[Records excerpted from a collection]

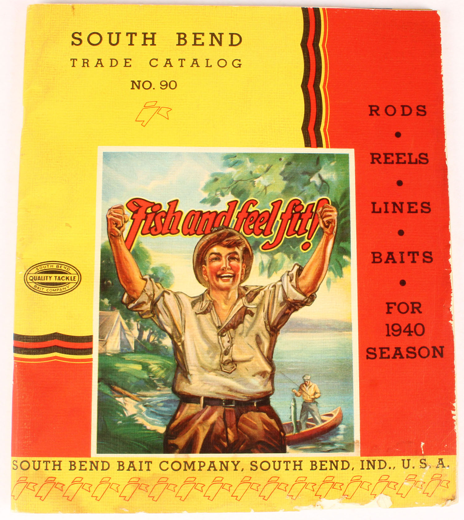 South Bend Trade Catalog No. 90, Rods, Reels, Lines, Baits For 1940 Season, 8 1/2'' x 10''. 100 pages, pages clean, binding tight, papercover very good with some tearing, colored and b/w images. Value: $80 Grade: Very Good ++ - Value: 4 to 80
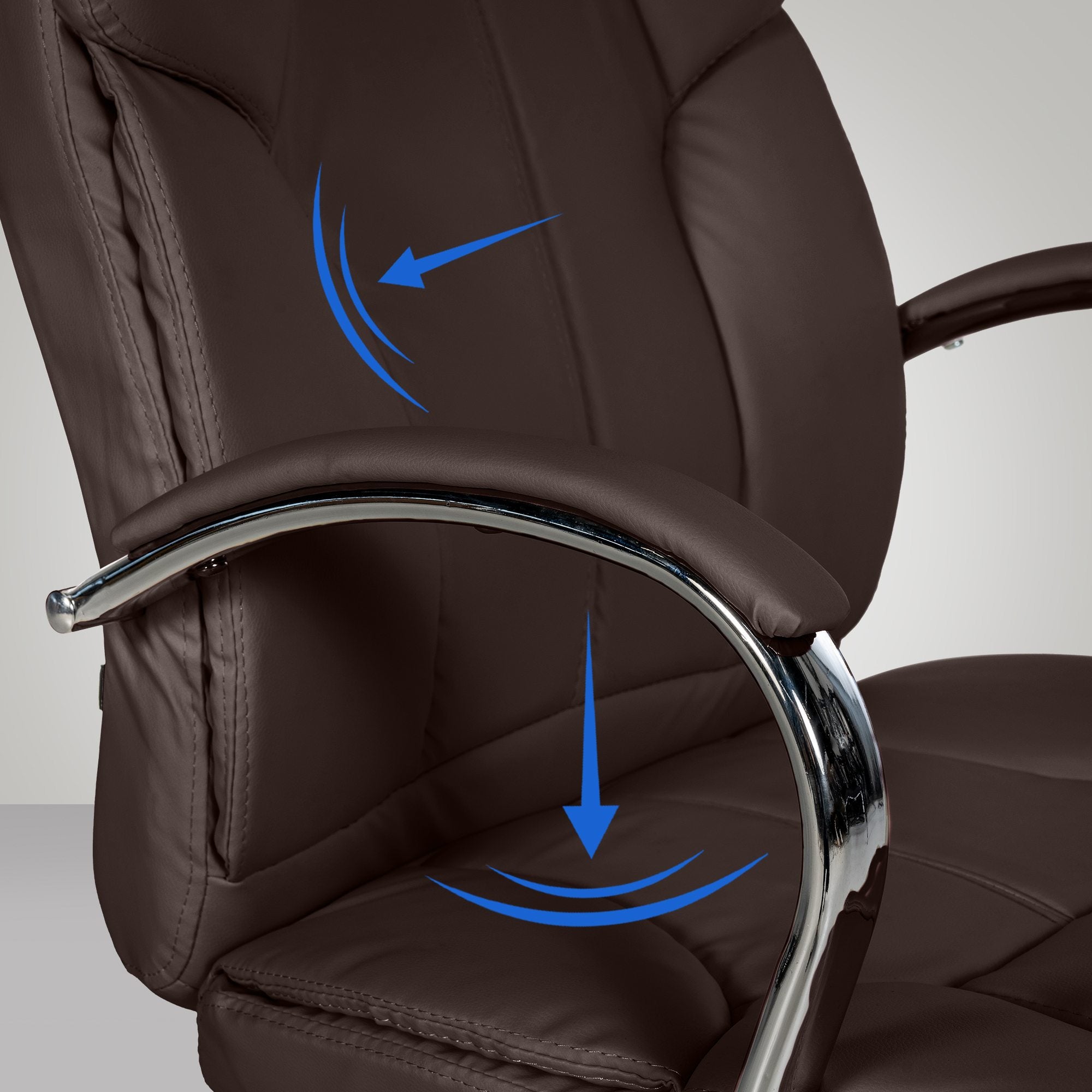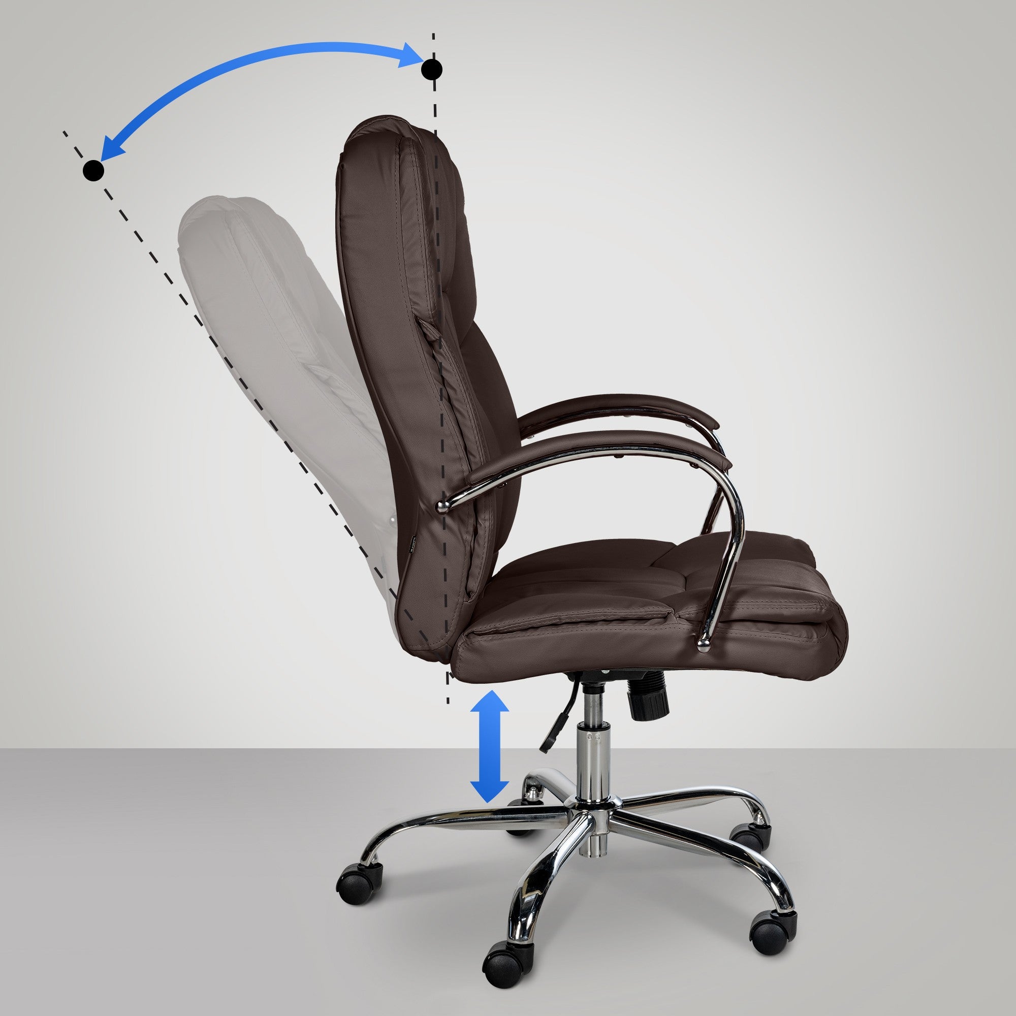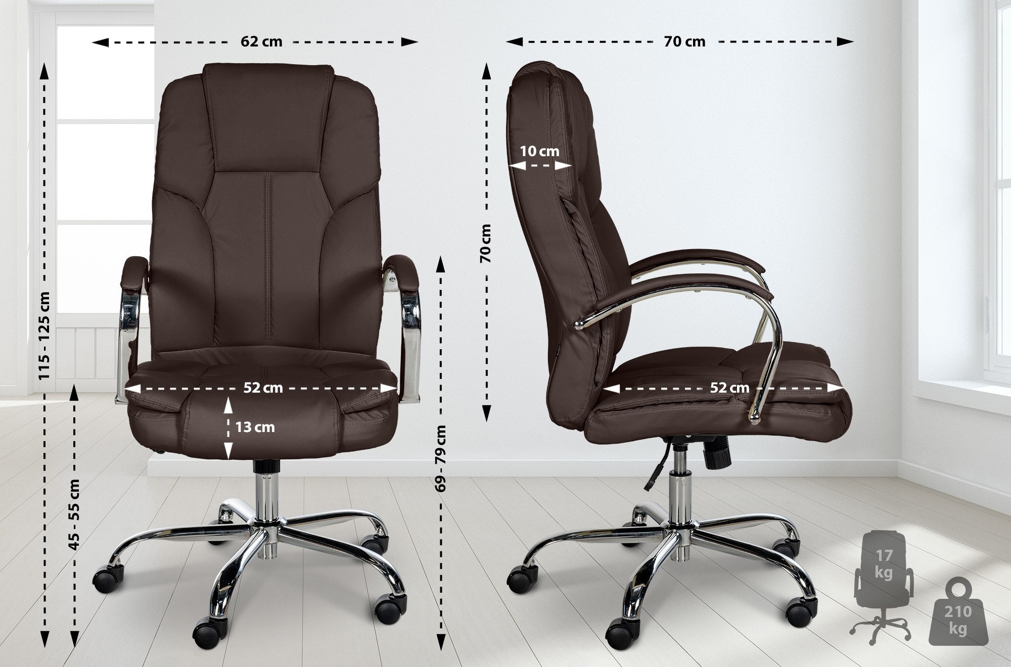 Fauteuil de bureau sur roulettes largeur d'assise XXL en PVC marron et métal chromé 10_0002417
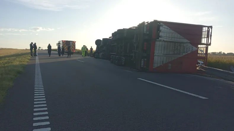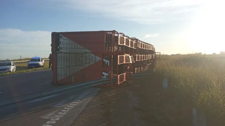 Un camionero murió este domingo en la Ruta 8, a la altura de Pergamino, tras el vuelco de un transporte de ganado bovino. La autopsia preliminar indica que habría sufrido un paro cardiorrespiratorio antes del siniestro vial. En el lugar, además, un centenar de personas faenó animales del acoplado jaula
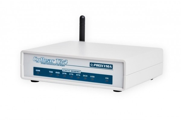 GSM-модем CyBear T34-GSM с поддержкой диапозонов GSM 900/1800/1900 (автоматическим поиском и переключением на канал), GPRS multi-slot Class 10, SMS, USSD, CSD, TCP/IP, PPP.
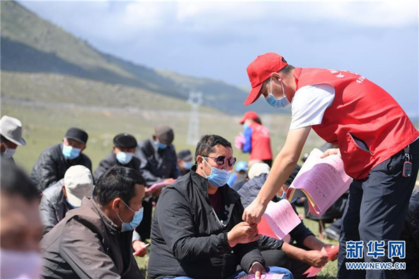 6月20日,新疆阿勒泰地區(qū)布爾津縣也格孜托別鄉(xiāng)克孜勒托蓋村村醫(yī)哈納提別克·沙旦在布爾津縣阿貢蓋提草原向參加該鄉(xiāng)牧業(yè)會議的牧民發(fā)放醫(yī)療宣傳資料。圍繞實現(xiàn)人人享有基本醫(yī)療衛(wèi)生服務目標,2016年起,新疆布爾津縣開展家庭醫(yī)生簽約服務工作。該縣組建家庭醫(yī)生簽約團隊65個,團隊醫(yī)務人員233名,通過手機APP、基本公衛(wèi)系統(tǒng)與全縣建檔立卡貧困戶進行電子化簽約,提升村醫(yī)隨訪的工作效率和質量。截至目前,已完成簽約42936人,履約40043人。新華社記者沙達提攝

■ ABOUT THIS EXERCISE
Copy nothing but the lines from the start of the entries through the line with "GSM-модем CyBear T34-GSM". Write them out exactly, without pictures.

■ TASK RESULT
 South Bend Trade Catalog No. 90, Rods, Reels, Lines, Baits For 1940 Season, 8 1/2'' x 10''. 100 pages, pages clean, binding tight, papercover very good with some tearing, colored and b/w images. Value: $80 Grade: Very Good ++ - Value: 4 to 80
 Fauteuil de bureau sur roulettes largeur d'assise XXL en PVC marron et métal chromé 10_0002417
 Un camionero murió este domingo en la Ruta 8, a la altura de Pergamino, tras el vuelco de un transporte de ganado bovino. La autopsia preliminar indica que habría sufrido un paro cardiorrespiratorio antes del siniestro vial. En el lugar, además, un centenar de personas faenó animales del acoplado jaula
 GSM-модем CyBear T34-GSM с поддержкой диапозонов GSM 900/1800/1900 (автоматическим поиском и переключением на канал), GPRS multi-slot Class 10, SMS, USSD, CSD, TCP/IP, PPP.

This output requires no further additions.